Extracted data entries
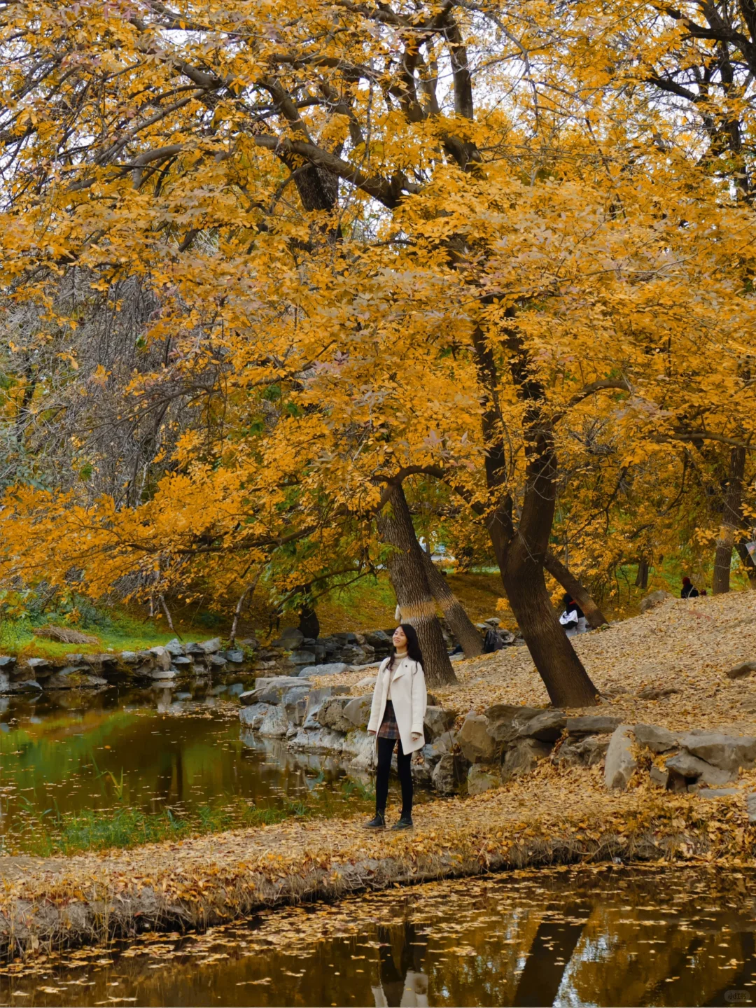黄叶 水边 倒影石头 水中还有锦鲤 芦苇小路
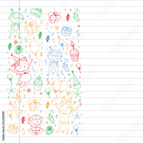 Happy boys and girls. Little kindergarten preschool children. Birthday party celebration. Icons for banners, posters, invitation.
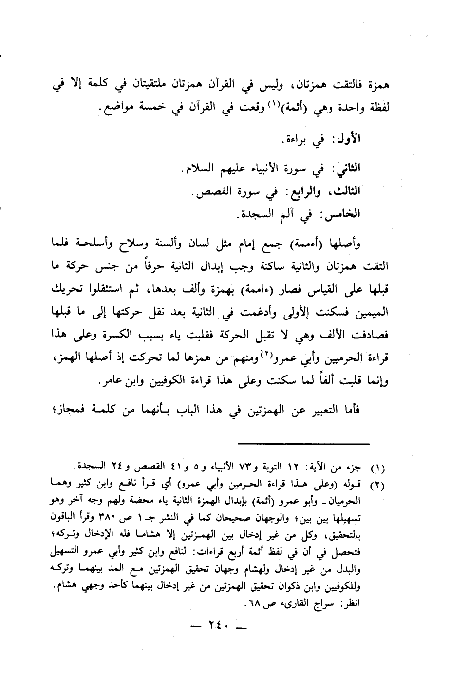 همزة فالتقت همزتان، وليس في القرآن همزتان ملتقيتان في كلمة إلا في لفظة واحدة وهي (أئمة) (¬1) وقعت في القرآن في خمسة مواضع.
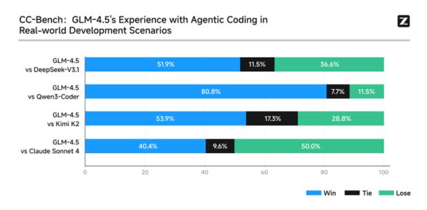 在GLM-4.5发布后的多个开源评测中,该模型与国际主流模型的竞争力保持一致,其中在WebDev Arena中与全球领先模型并列第二,在SWE-bench Verified性能上优于Gemini-2.5-Pro和GPT-4.1。在CC-bench的评测中,智谱、DeepSeek与Kimi K2模型互有胜负,而Qwen-Coder则在一定程度上占据优势。
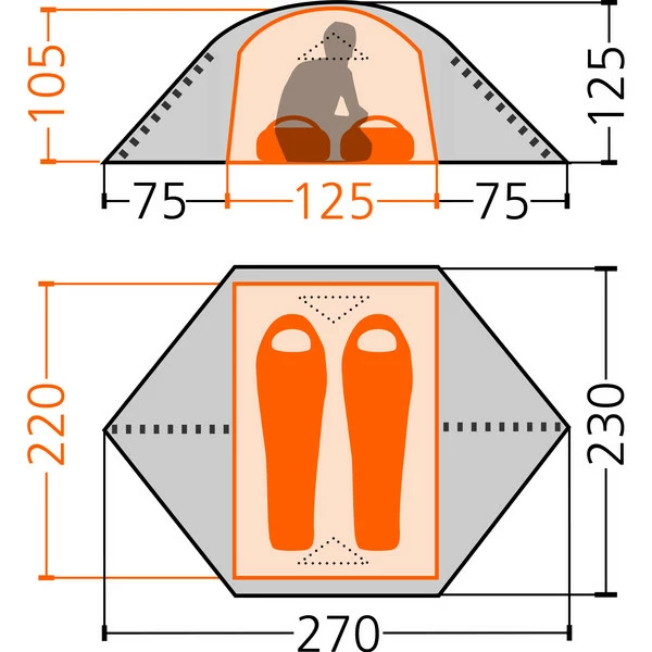 Das Innenzelt ist für zwei Personen großzügig geschnitten. Mit einer Höhe von 105 cm kannst du bequem sitzen und auch das Anziehen am Morgen ist ohne große Verrenkungen möglich. In den vier Seitentaschen lassen sich Bücher, Stirnlampe, Mobiltelefon u. Ä. griffbereit aufbewahren. Der Innenzelteingang ist mit einem Moskitonetz ausgestattet und kann bei Bedarf mit Stoff verschlossen werden. Damit du nicht jedes Mal den Eingang aufrollen musst, befinden sich zwei zusätzliche Netztaschen neben der Tür, in der sich die Türen unkompliziert verstauen lassen.
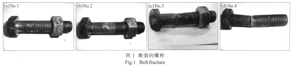 該法蘭上斷裂螺栓的圖片見圖1。在法蘭上共有四支螺栓,其中兩支斷裂,斷裂均發生在螺桿的非螺紋部分,如圖1(c)、(d)所示。
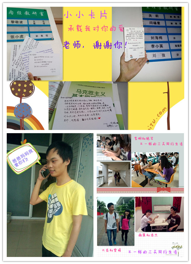 大学两年,我们有很多任课老师,老师对我们谆谆教诲,我们铭记在心。同学们在卡片上写下对老师们想说的话,由心委统一送给老师。小小的卡片,承载了同学们对老师的爱,在增进师生感情的同时有利于营造良好的教学氛围。
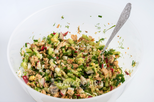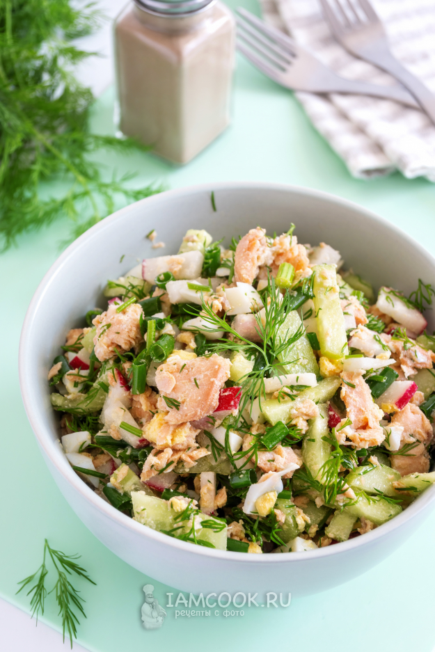Салат из вареной горбуши с вареными яйцами и зеленью готов! Можно сразу подавать на стол.
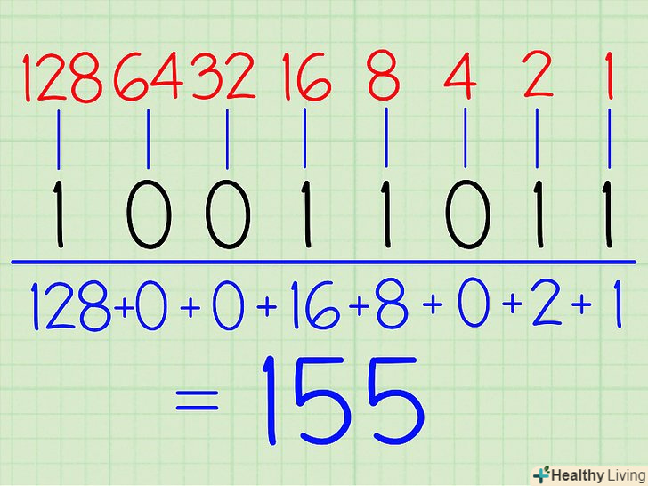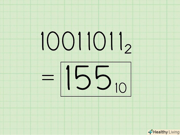 Складіть отримані значення. Тепер складіть отримані під лінією цифри. Ось що ви повинні зробити: 128 + 0 + 0 + 16 + 8 + 0 + 2 + 1 = 155. Це десятковий еквівалент двійкового числа 10011011.
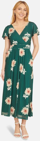 This mega charming midi dress is crafted from a lightweight mesh fabric with stretch for a comfortable and chic fit. With fluttery sleeves framing the cinched waist and wrap over neckline, The oversize flower print is gorgeous and we added pockets! Perfect for special occasions or holiday dressing.
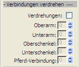 - Legt die Anzahl der Verdrehungsverbindungen in den Oberarmen fest. Vorgabe = 0. Bereich = 0 bis 10.
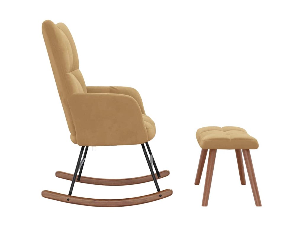 Toto relaxační křeslo s některými kostkami je esteticky příjemné. Díky silně polstrované pěně čalouněné měkkým sametem si můžete při sezení užívat optimálního pohodlí. Díky dlouhým houpacím lištám se křeslo snadno nepřevrátí. Navíc je křeslo s taburetkou stabilní a odolné, podepřené ocelovým rámem a nohami spolu s dřevěnými houpacími lištami.
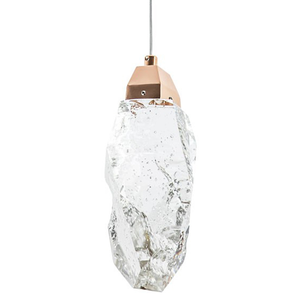 Прозрачный акрил, используемый для изготовления светильника, отражает и преломляет свет, создавая потрясающие световые эффекты. Золотистый металлический каркас, обрамляющий светильник, придает ему элегантность и изысканность.
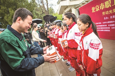 4月9日上午,由北京市总工会和北京摄影家协会联合举办的2019年“劳动光荣·爱国情 奋斗者”北京市职工摄影文化活动月在玉渊潭公园拉开帷幕。作为“把微笑带回家 为最美劳动者点赞”大型公益活动的项目之一,职工摄影文化活动月内容包括主题摄影展、摄影比赛、劳模及职工摄影家采风、专题论坛、特色沙龙等20多项文化活动。现场,市城市照明管理中心华灯班向来自房山区佛子庄中心小学的10名孩子赠送数码相机,标志着“为最美劳动者点赞”大型公益活动首次开展艺术扶贫。(相关报道详见第16版)
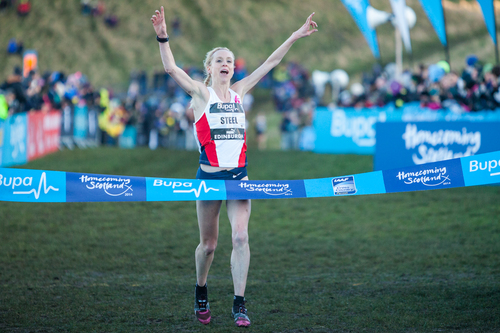 Amid a packed event that saw many of the country’s leading track stars dip their toes into the muddy challenge, it was Steel, the road and XC expert who triumphed. Having placed herself comfortably within the lead pack, as the likes of Gorecka, Steph Twell and Charlotte Purdue, took it in turns to take on the front position for most of the race, Steel went for it with 5 minutes and half a lap to go. Replicating the strength that she has been displaying in most of her recent races, the Charnwood AC athlete stretched away from her opponents and didn’t look back, taking victory by 11 seconds to win the event for the second consecutive year, leaving Gorecka, Rhonna Aukland and Lily Partridge to battle it out for the remaining places within the top three.
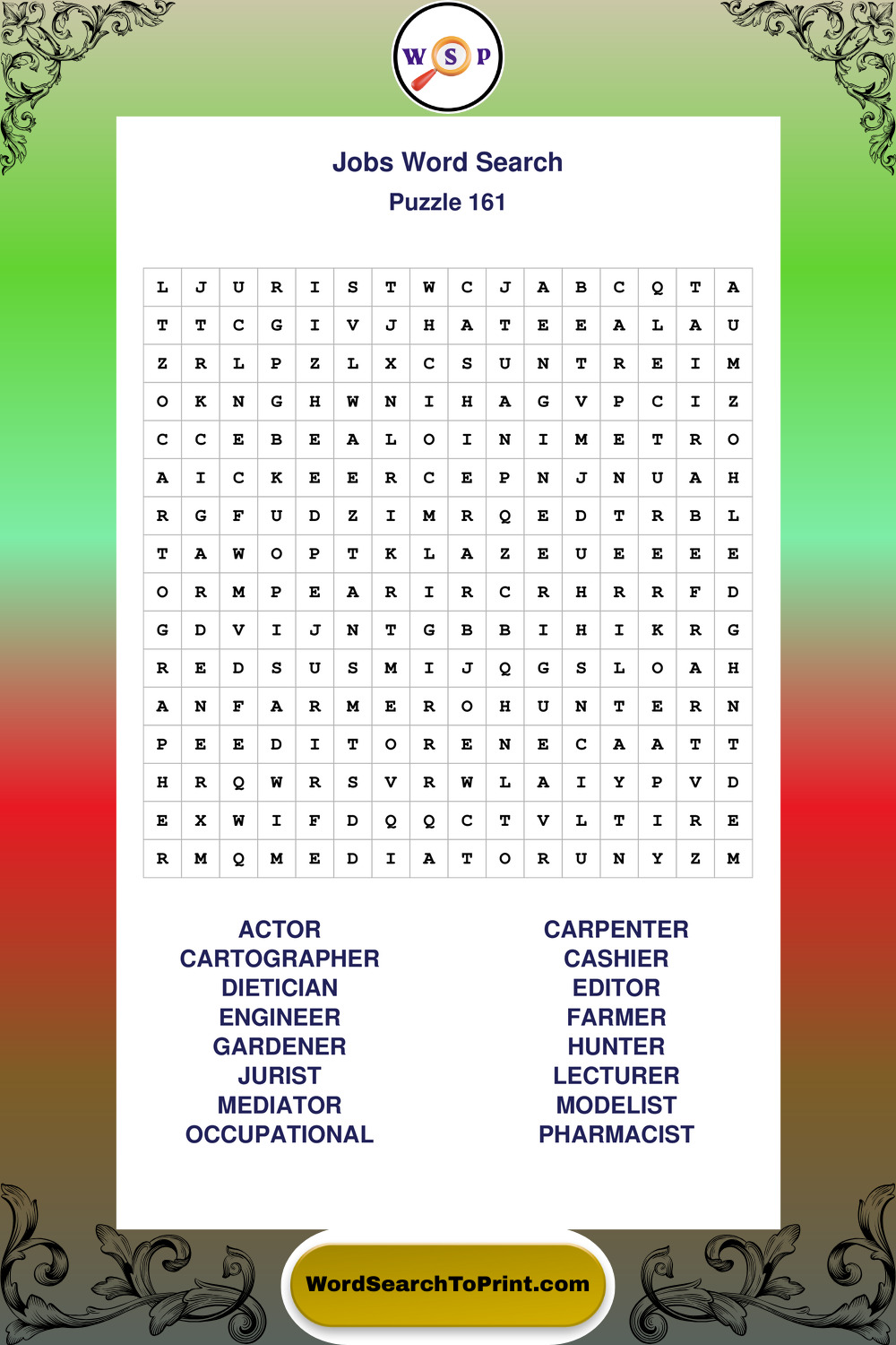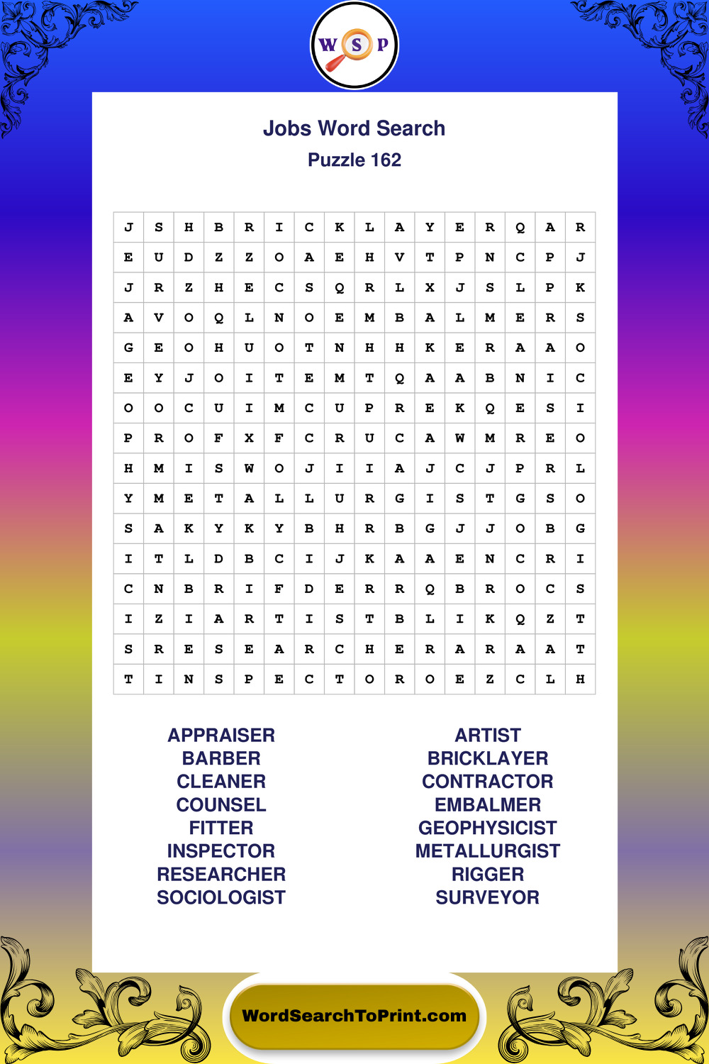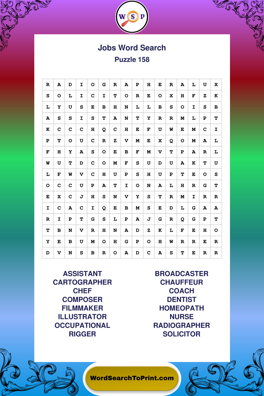 These printable large print Jobs wordsearches offer a calm and accessible puzzle experience for all skill levels.

§ **ABOUT THIS EXERCISE**:
Pictures are to be left out; please print the rest of the records above word for word.

§ **SOLUTION FOR THIS PROBLEM**:
黄叶 水边 倒影石头 水中还有锦鲤 芦苇小路
 Happy boys and girls. Little kindergarten preschool children. Birthday party celebration. Icons for banners, posters, invitation.
 همزة فالتقت همزتان، وليس في القرآن همزتان ملتقيتان في كلمة إلا في لفظة واحدة وهي (أئمة) (¬1) وقعت في القرآن في خمسة مواضع.
 在GLM-4.5发布后的多个开源评测中,该模型与国际主流模型的竞争力保持一致,其中在WebDev Arena中与全球领先模型并列第二,在SWE-bench Verified性能上优于Gemini-2.5-Pro和GPT-4.1。在CC-bench的评测中,智谱、DeepSeek与Kimi K2模型互有胜负,而Qwen-Coder则在一定程度上占据优势。
 Das Innenzelt ist für zwei Personen großzügig geschnitten. Mit einer Höhe von 105 cm kannst du bequem sitzen und auch das Anziehen am Morgen ist ohne große Verrenkungen möglich. In den vier Seitentaschen lassen sich Bücher, Stirnlampe, Mobiltelefon u. Ä. griffbereit aufbewahren. Der Innenzelteingang ist mit einem Moskitonetz ausgestattet und kann bei Bedarf mit Stoff verschlossen werden. Damit du nicht jedes Mal den Eingang aufrollen musst, befinden sich zwei zusätzliche Netztaschen neben der Tür, in der sich die Türen unkompliziert verstauen lassen.
 該法蘭上斷裂螺栓的圖片見圖1。在法蘭上共有四支螺栓,其中兩支斷裂,斷裂均發生在螺桿的非螺紋部分,如圖1(c)、(d)所示。
 大学两年,我们有很多任课老师,老师对我们谆谆教诲,我们铭记在心。同学们在卡片上写下对老师们想说的话,由心委统一送给老师。小小的卡片,承载了同学们对老师的爱,在增进师生感情的同时有利于营造良好的教学氛围。
Салат из вареной горбуши с вареными яйцами и зеленью готов! Можно сразу подавать на стол.
 Складіть отримані значення. Тепер складіть отримані під лінією цифри. Ось що ви повинні зробити: 128 + 0 + 0 + 16 + 8 + 0 + 2 + 1 = 155. Це десятковий еквівалент двійкового числа 10011011.
 This mega charming midi dress is crafted from a lightweight mesh fabric with stretch for a comfortable and chic fit. With fluttery sleeves framing the cinched waist and wrap over neckline, The oversize flower print is gorgeous and we added pockets! Perfect for special occasions or holiday dressing.
 - Legt die Anzahl der Verdrehungsverbindungen in den Oberarmen fest. Vorgabe = 0. Bereich = 0 bis 10.
 Toto relaxační křeslo s některými kostkami je esteticky příjemné. Díky silně polstrované pěně čalouněné měkkým sametem si můžete při sezení užívat optimálního pohodlí. Díky dlouhým houpacím lištám se křeslo snadno nepřevrátí. Navíc je křeslo s taburetkou stabilní a odolné, podepřené ocelovým rámem a nohami spolu s dřevěnými houpacími lištami.
 Прозрачный акрил, используемый для изготовления светильника, отражает и преломляет свет, создавая потрясающие световые эффекты. Золотистый металлический каркас, обрамляющий светильник, придает ему элегантность и изысканность.
 4月9日上午,由北京市总工会和北京摄影家协会联合举办的2019年“劳动光荣·爱国情 奋斗者”北京市职工摄影文化活动月在玉渊潭公园拉开帷幕。作为“把微笑带回家 为最美劳动者点赞”大型公益活动的项目之一,职工摄影文化活动月内容包括主题摄影展、摄影比赛、劳模及职工摄影家采风、专题论坛、特色沙龙等20多项文化活动。现场,市城市照明管理中心华灯班向来自房山区佛子庄中心小学的10名孩子赠送数码相机,标志着“为最美劳动者点赞”大型公益活动首次开展艺术扶贫。(相关报道详见第16版)
 Amid a packed event that saw many of the country’s leading track stars dip their toes into the muddy challenge, it was Steel, the road and XC expert who triumphed. Having placed herself comfortably within the lead pack, as the likes of Gorecka, Steph Twell and Charlotte Purdue, took it in turns to take on the front position for most of the race, Steel went for it with 5 minutes and half a lap to go. Replicating the strength that she has been displaying in most of her recent races, the Charnwood AC athlete stretched away from her opponents and didn’t look back, taking victory by 11 seconds to win the event for the second consecutive year, leaving Gorecka, Rhonna Aukland and Lily Partridge to battle it out for the remaining places within the top three.
 These printable large print Jobs wordsearches offer a calm and accessible puzzle experience for all skill levels.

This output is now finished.